* [Task item]: Please write out exactly the lines from the opening of the listing through the line that holds "The house is", including both, and nothing else; no pictures.

* [Dataset extract]:
┄┄┄┄┄┄
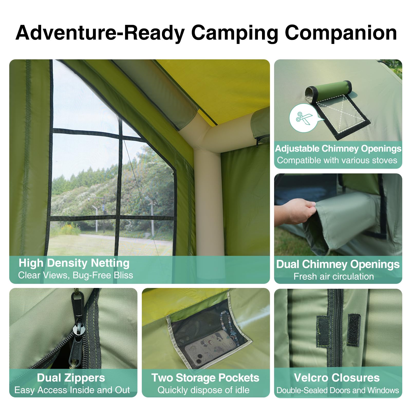 - Dual-layer Windows and Exquisite Zipper: Designed with Dual-layer Windows and Doors, allowing you to enjoy fresh air while maintaining your personal space. Large inflatable house tent enhanced durability with dual zippers and extra adhesive
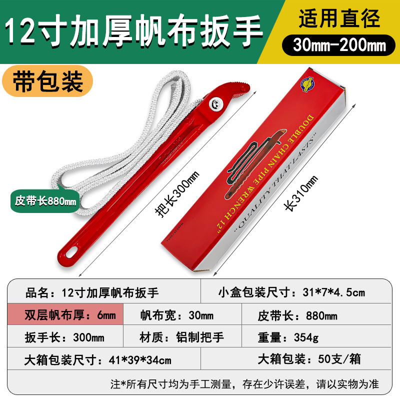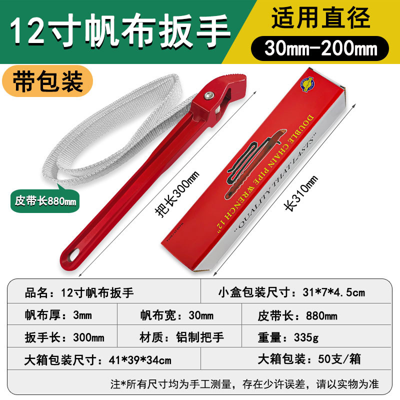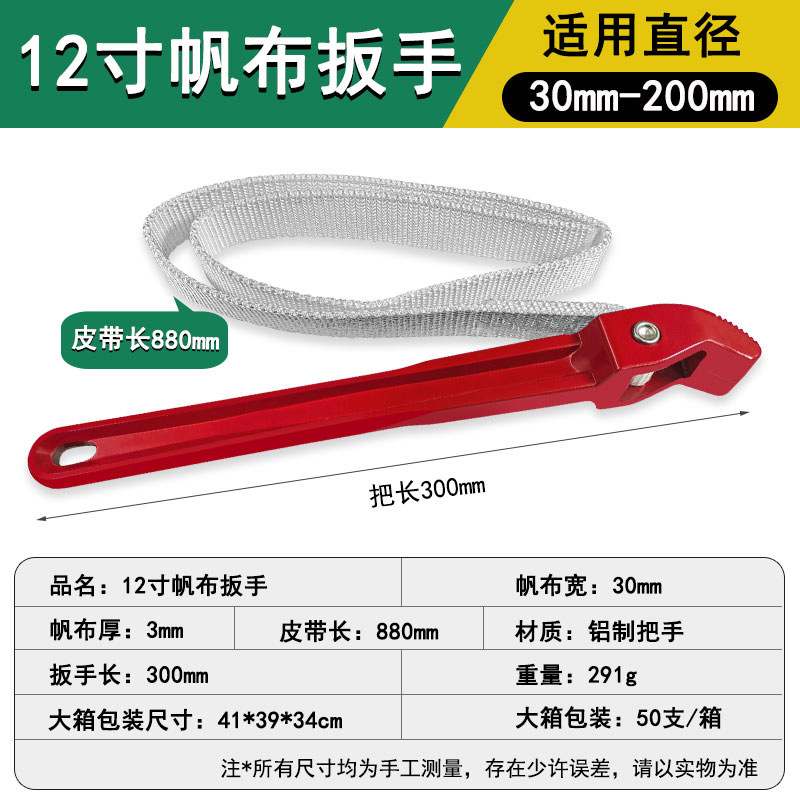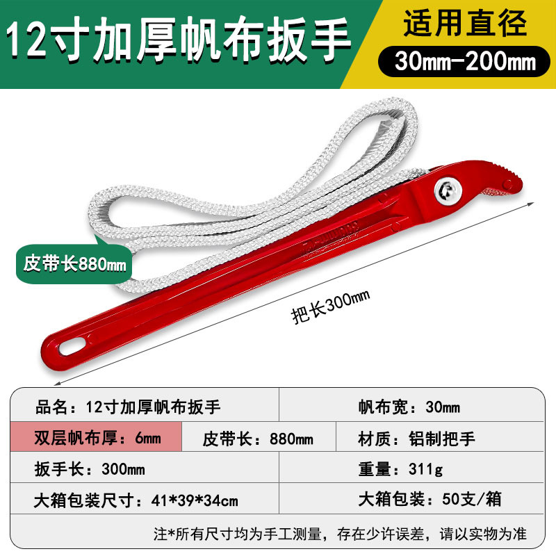适用直径:30mm-200mm;帆布宽:30mm;双层帆布厚:6mm;帆布长:880mm;材质:铝制手柄;扳手长:300mm;重量:311g。
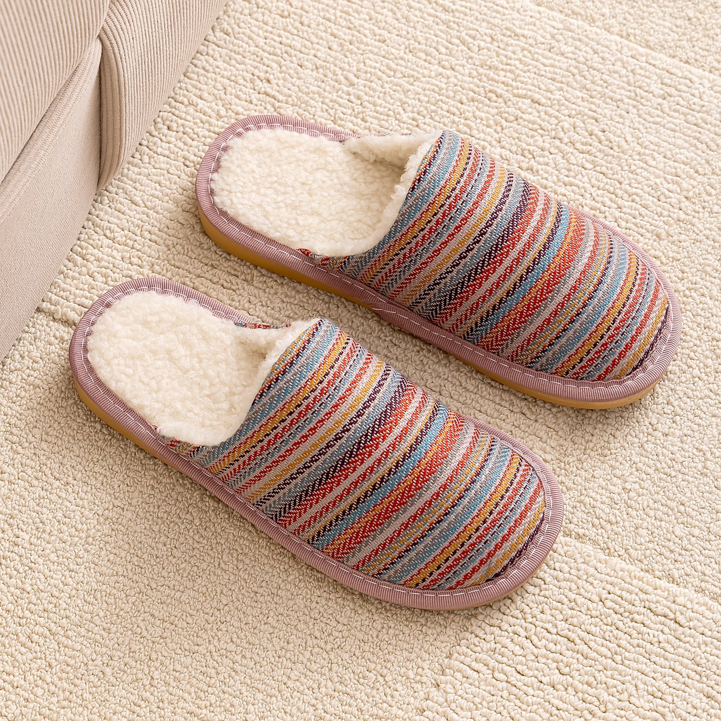 冬季棉麻拖鞋居家布艺毛绒保暖棉拖男女情侣日式室内软底静音防滑
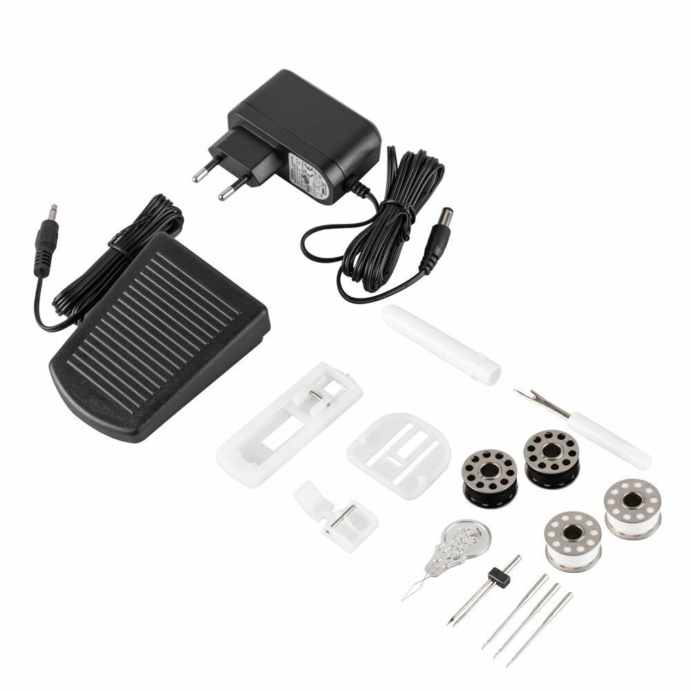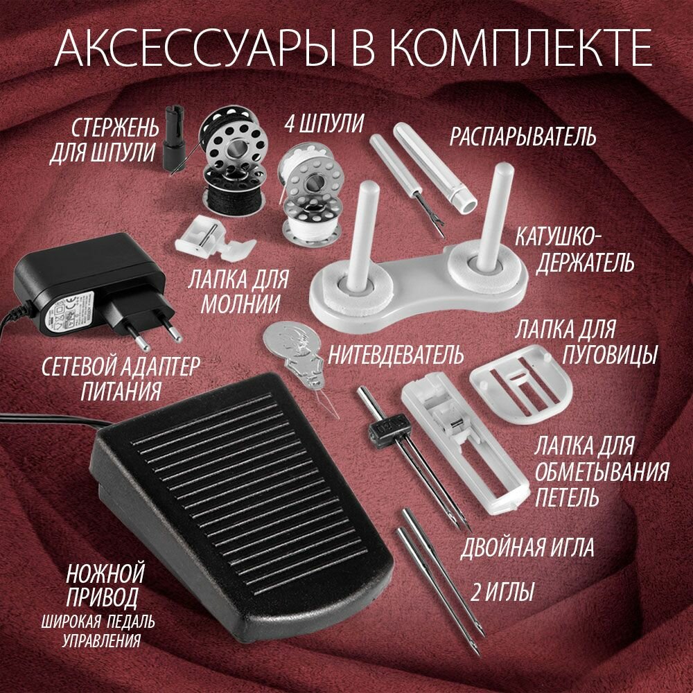 | Комплектация | шпулька - 4 шт., иглы - 3 шт., двойная игла, инструмент для заправки нити, ножной привод, сетевой адаптер питания (6V 1500mA), катушкодержатель, лапка для обметывания петель, распарыватель, лапка для пришивания молнии |
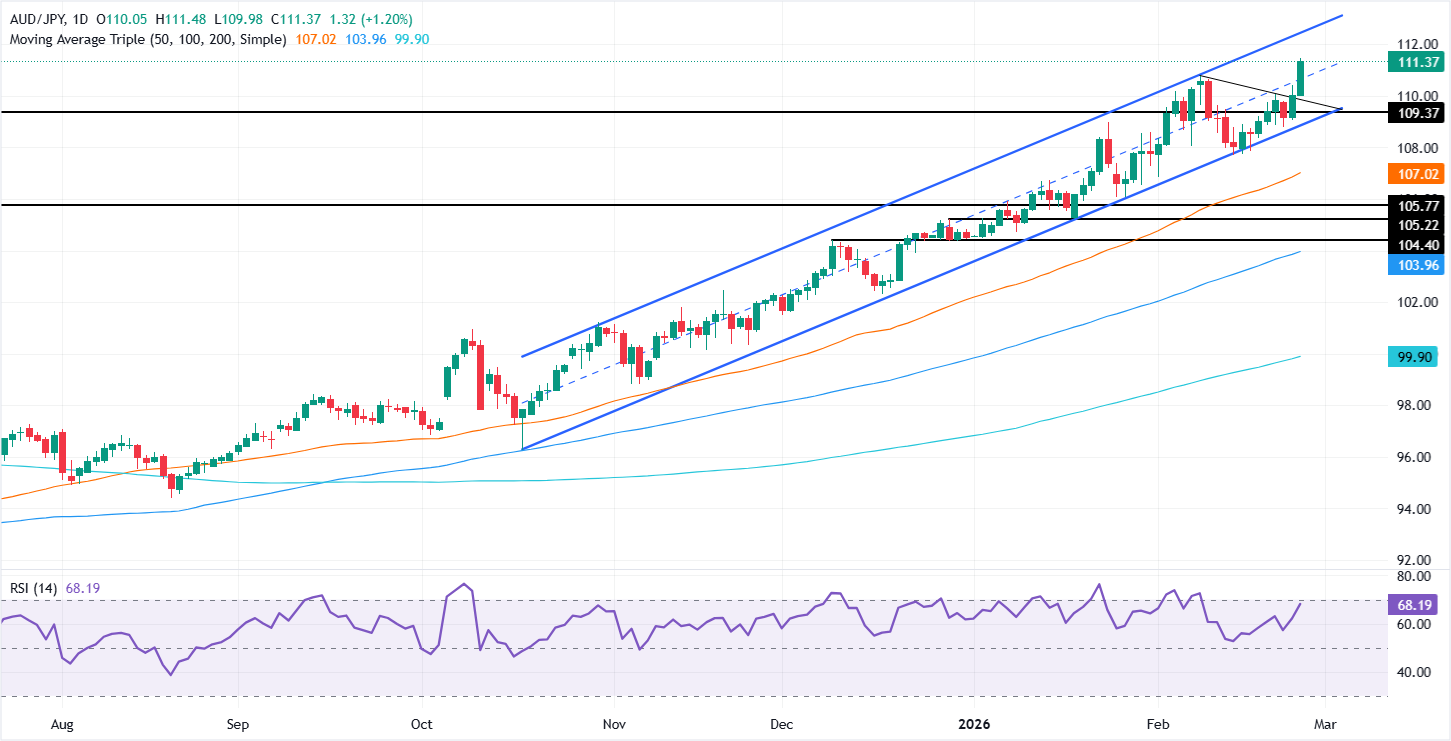 周三,澳元/日元上涨超过1.20%,因澳大利亚的通胀报告促使投资者预计澳储行(RBA)将进一步加息。撰写本文时,该交叉汇率交易于111.38。
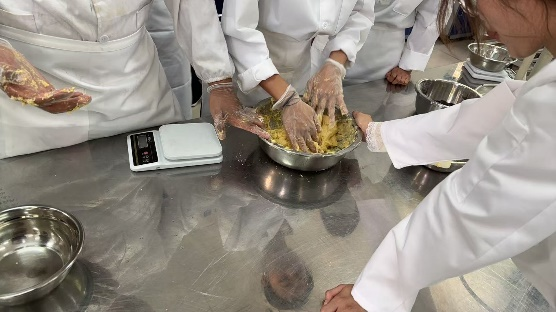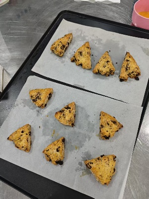 活动中,学生们分组协作,依次完成混合粉类、揉搓黄油、搅拌蛋奶液、冷藏定型等步骤,最终将裹满奥利奥碎的司康送入烤箱。随着香气弥漫,金黄酥脆的司康新鲜出炉,每位同学都收获了3-4块亲手制作的甜品。活动还特别注重操作规范与安全,提前清理实验器材、检查仪器使用,确保流程顺利。
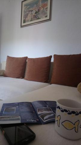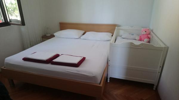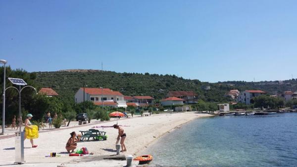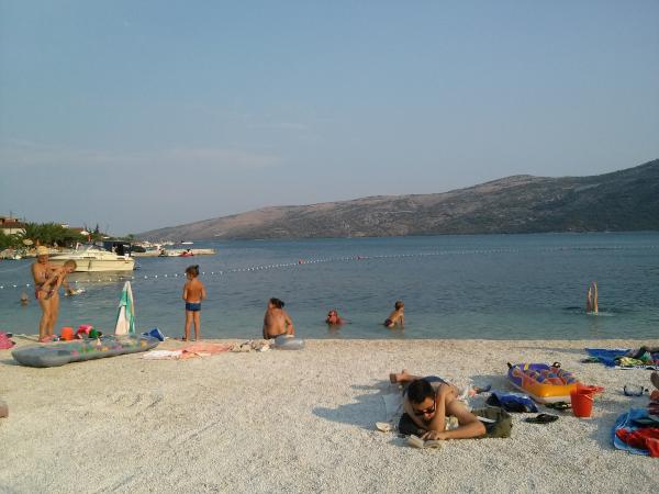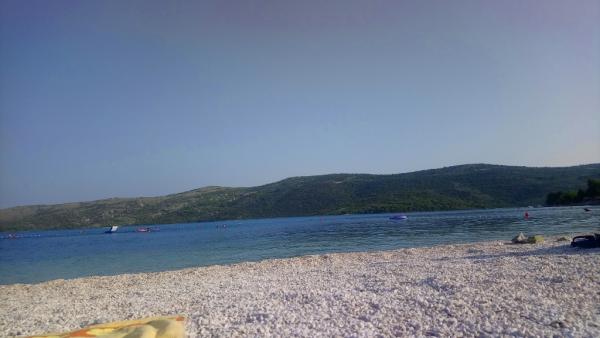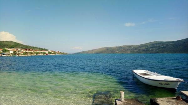 The house is located in a lovely bay Poljica, Central Dalmatia, in Split region, only 10km away from beautiful Trogir. It is ideal for two families with/without kids. Located 80m in the uphill it offers you a sea view and a peaceful place to rest. Pebble beach is only 150m away. There are 3 bedrooms in the house, each with ceiling fan. 1 person can also sleep in the living room. (1 baby cot also available on request). The kitchen is fully equipped (cooler, freezer, oven, dishes, cutlery, microwave oven, kettle). Except the shower in the bathroom, there is an extra shower in front of the house, as well as a big terrace with parking lot for 2 cars and a grill. In Poljica, you can find ATM, market (70m away) and small cafes, all located on the shore. However, if you need supermarket, fish market, post office or restaurants, you will find it in nearby Marina (2km away). Owners live in Split (35km) and are at disposal to make your holidays more comfortable. Welcome!
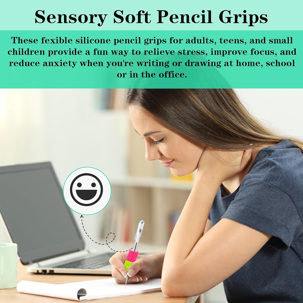 【Relieve Pressure and Enhance Focus】 Our pencil soft grips are designed to relieve pressure and improve concentration for kids and teens. These colorful cushion grips provide a fun sensory stimulation to reduce anxiety while writing or drawing, make writing and drawing more enjoyable and help maintain focus for children
┄┄┄┄┄┄
* [Answer for the task]:
 - Dual-layer Windows and Exquisite Zipper: Designed with Dual-layer Windows and Doors, allowing you to enjoy fresh air while maintaining your personal space. Large inflatable house tent enhanced durability with dual zippers and extra adhesive
适用直径:30mm-200mm;帆布宽:30mm;双层帆布厚:6mm;帆布长:880mm;材质:铝制手柄;扳手长:300mm;重量:311g。
 冬季棉麻拖鞋居家布艺毛绒保暖棉拖男女情侣日式室内软底静音防滑
 | Комплектация | шпулька - 4 шт., иглы - 3 шт., двойная игла, инструмент для заправки нити, ножной привод, сетевой адаптер питания (6V 1500mA), катушкодержатель, лапка для обметывания петель, распарыватель, лапка для пришивания молнии |
 周三,澳元/日元上涨超过1.20%,因澳大利亚的通胀报告促使投资者预计澳储行(RBA)将进一步加息。撰写本文时,该交叉汇率交易于111.38。
 活动中,学生们分组协作,依次完成混合粉类、揉搓黄油、搅拌蛋奶液、冷藏定型等步骤,最终将裹满奥利奥碎的司康送入烤箱。随着香气弥漫,金黄酥脆的司康新鲜出炉,每位同学都收获了3-4块亲手制作的甜品。活动还特别注重操作规范与安全,提前清理实验器材、检查仪器使用,确保流程顺利。
 The house is located in a lovely bay Poljica, Central Dalmatia, in Split region, only 10km away from beautiful Trogir. It is ideal for two families with/without kids. Located 80m in the uphill it offers you a sea view and a peaceful place to rest. Pebble beach is only 150m away. There are 3 bedrooms in the house, each with ceiling fan. 1 person can also sleep in the living room. (1 baby cot also available on request). The kitchen is fully equipped (cooler, freezer, oven, dishes, cutlery, microwave oven, kettle). Except the shower in the bathroom, there is an extra shower in front of the house, as well as a big terrace with parking lot for 2 cars and a grill. In Poljica, you can find ATM, market (70m away) and small cafes, all located on the shore. However, if you need supermarket, fish market, post office or restaurants, you will find it in nearby Marina (2km away). Owners live in Split (35km) and are at disposal to make your holidays more comfortable. Welcome!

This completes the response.